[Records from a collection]
____________

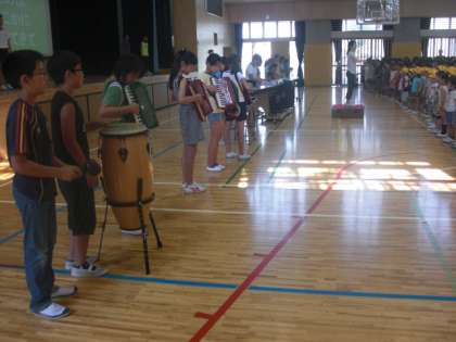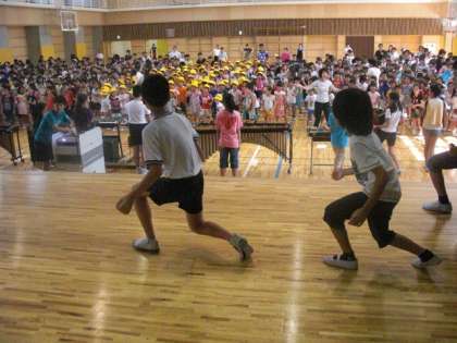 1年生から、6年生まで、サンバのリズムにのって、歌い、踊りました。
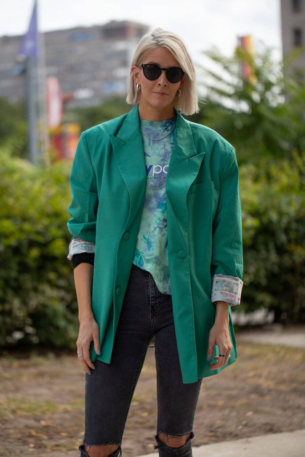 Пиджак справа сложнее стилизовать, чтобы образ выглядел современно
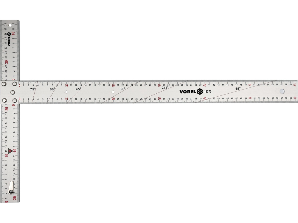 Rankenos ilgis 600 x 390 mm su visuose kraštuose nuolat pažymėtomis milimetrinėmis padalomis. Ant trumpesnio kampinio laikiklio peties yra fiksavimo skląstis, kad atliekant matavimus būtų galima lengvai pritvirtinti.
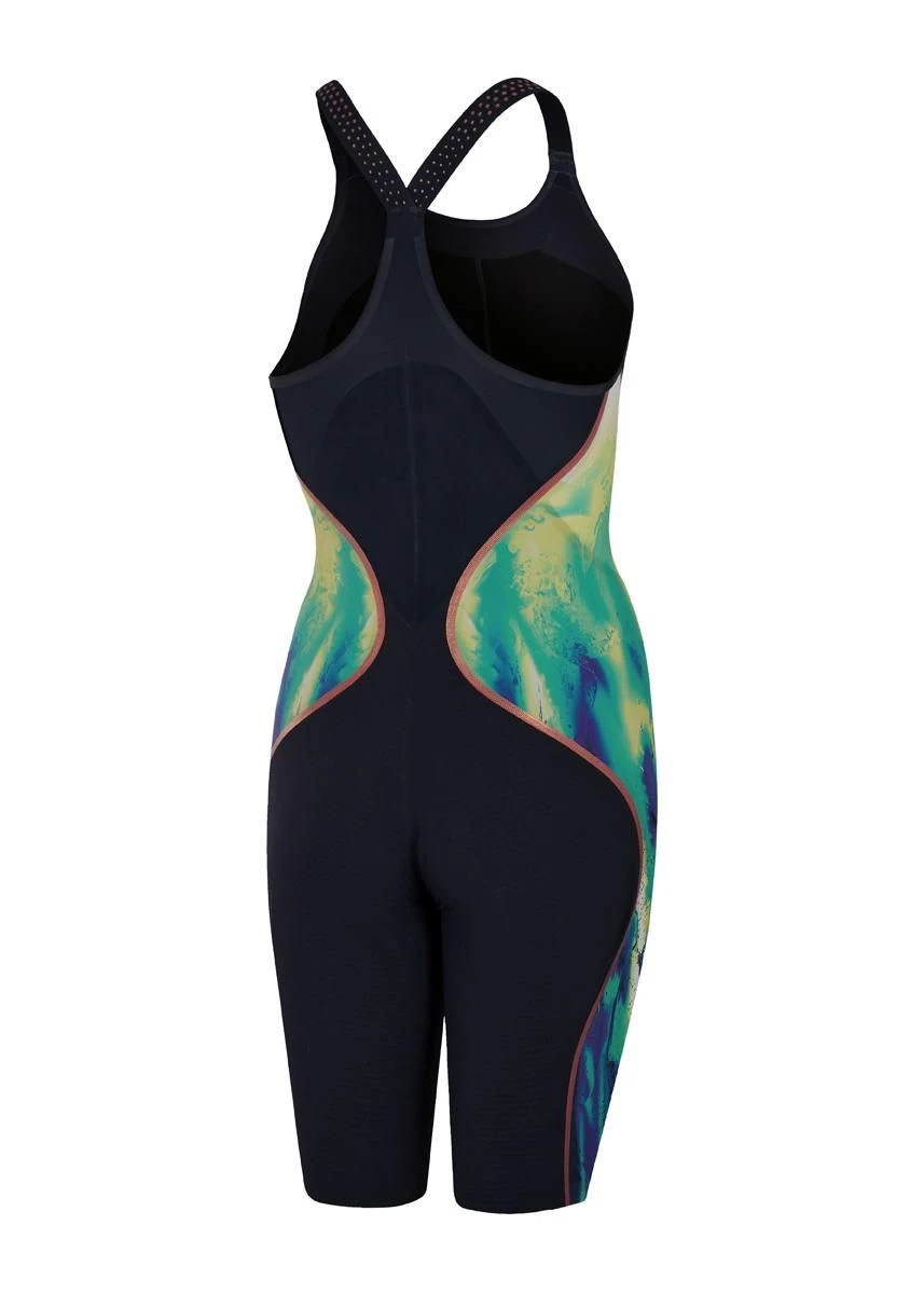 The Speedo Fastskin LZR Pure Intent Openback Kneeskin in Cosmic Storm features compressive dual layers and ergonomic seam construction designed to connect key muscle groups for greater power return.
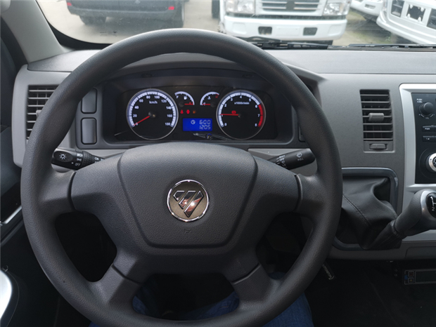福田G7冷藏車車身配置為:福田風景G7豪華車身,國六航天三菱160馬力汽油發動機,發動機型號為:4K22D4M ,2.4L排量,5檔變速箱,前空調,暖風,感載比例閥,195R15C輪胎。汽油發動機的優點是價格便宜,在寒冷的北方冬天已啟動,缺點是相較于同級別同排量的柴油車的動力較弱,不能重載,特別是山區重載能力弱。
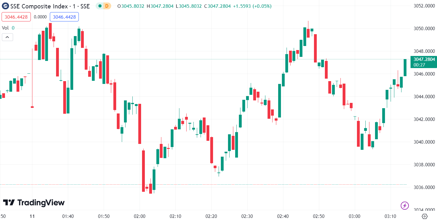 • Shanghai Composite Index (SHCOMP) rose by 0.21% to close at 3,052.28.

____________

:: PROBLEM STATEMENT ::
Quote every record above exactly, leaving out any pictures.

:: EXERCISE RESPONSE ::
 1年生から、6年生まで、サンバのリズムにのって、歌い、踊りました。
 Пиджак справа сложнее стилизовать, чтобы образ выглядел современно
 Rankenos ilgis 600 x 390 mm su visuose kraštuose nuolat pažymėtomis milimetrinėmis padalomis. Ant trumpesnio kampinio laikiklio peties yra fiksavimo skląstis, kad atliekant matavimus būtų galima lengvai pritvirtinti.
 The Speedo Fastskin LZR Pure Intent Openback Kneeskin in Cosmic Storm features compressive dual layers and ergonomic seam construction designed to connect key muscle groups for greater power return.
福田G7冷藏車車身配置為:福田風景G7豪華車身,國六航天三菱160馬力汽油發動機,發動機型號為:4K22D4M ,2.4L排量,5檔變速箱,前空調,暖風,感載比例閥,195R15C輪胎。汽油發動機的優點是價格便宜,在寒冷的北方冬天已啟動,缺點是相較于同級別同排量的柴油車的動力較弱,不能重載,特別是山區重載能力弱。
 • Shanghai Composite Index (SHCOMP) rose by 0.21% to close at 3,052.28.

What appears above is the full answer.